This forms a right triangle, where:
- The two legs of the triangle are each 90 feet (the distances from home to first and first to second).
- The diagonal (hypotenuse) is the distance from home plate to second base.

Using the Pythagorean theorem:
\[
d^2 = 90^2 + 90^2
\]
\[
d^2 = 8100 + 8100 = 16200
\]
\[
d = \sqrt{16200} = 90\sqrt{2}
\]

Thus, the distance from home plate to second base is \(90\sqrt{2}\) feet, which matches option **A**.

Would you like more details or have any questions?

Here are 5 related questions:
1. How do we apply the Pythagorean theorem in real-world scenarios?
2. Why is the distance from home plate to second base a diagonal?
3. How would the result change if the distance between bases was different?
4. What other shapes can be analyzed using the Pythagorean theorem?
5. How does the square root of 2 appear in other geometric problems?

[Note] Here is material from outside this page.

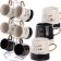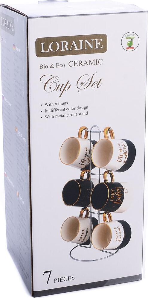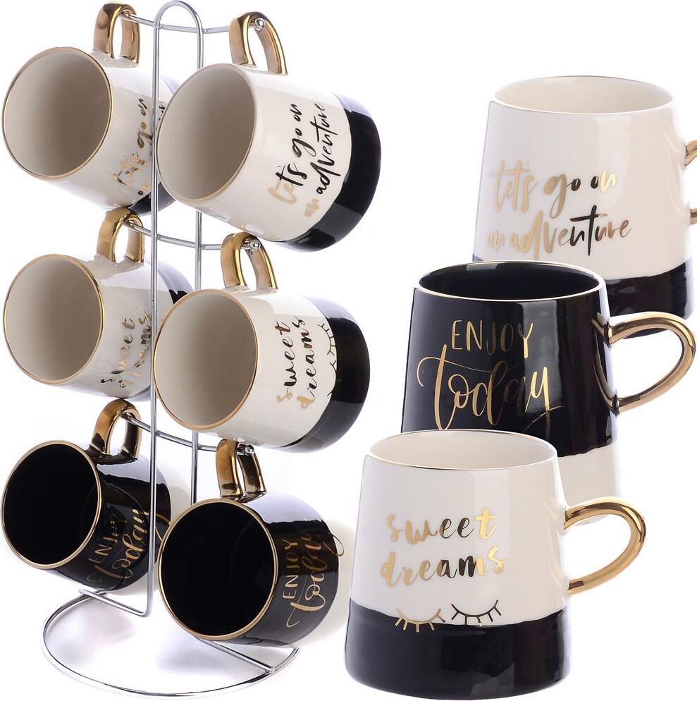 Чайный набор состоит из 6 чашек и 1 металлической подставки. Предметы набора изготовлены из высококачественной керамики. Изящный дизайн с золотистой отделкой придется по вкусу и ценителям классики, и тем, кто предпочитает утонченность и изысканность. Он настроит на позитивный лад и подарит хорошее настроение с самого утра. Набор кружек - идеальный и необходимый подарок для вашего дома и для ваших друзей в праздники. В комплекте - металлическая подставка с шестью крючками для подвешивания кружек.

**Tip:** Whenever you encounter problems involving squares or rectangles, think about diagonals and the Pythagorean theorem to simplify calculations.

A baseball diamond is in the shape of a square. The distance from base to base is 90 feet. How far does a catcher throw the ball from home plate to second base?

Learn how to calculate the diagonal distance from home plate to second base on a baseball diamond using the Pythagorean theorem. This geometry problem covers right triangles and the formula d^2 = a^2 + b^2 with a side length of 90 feet.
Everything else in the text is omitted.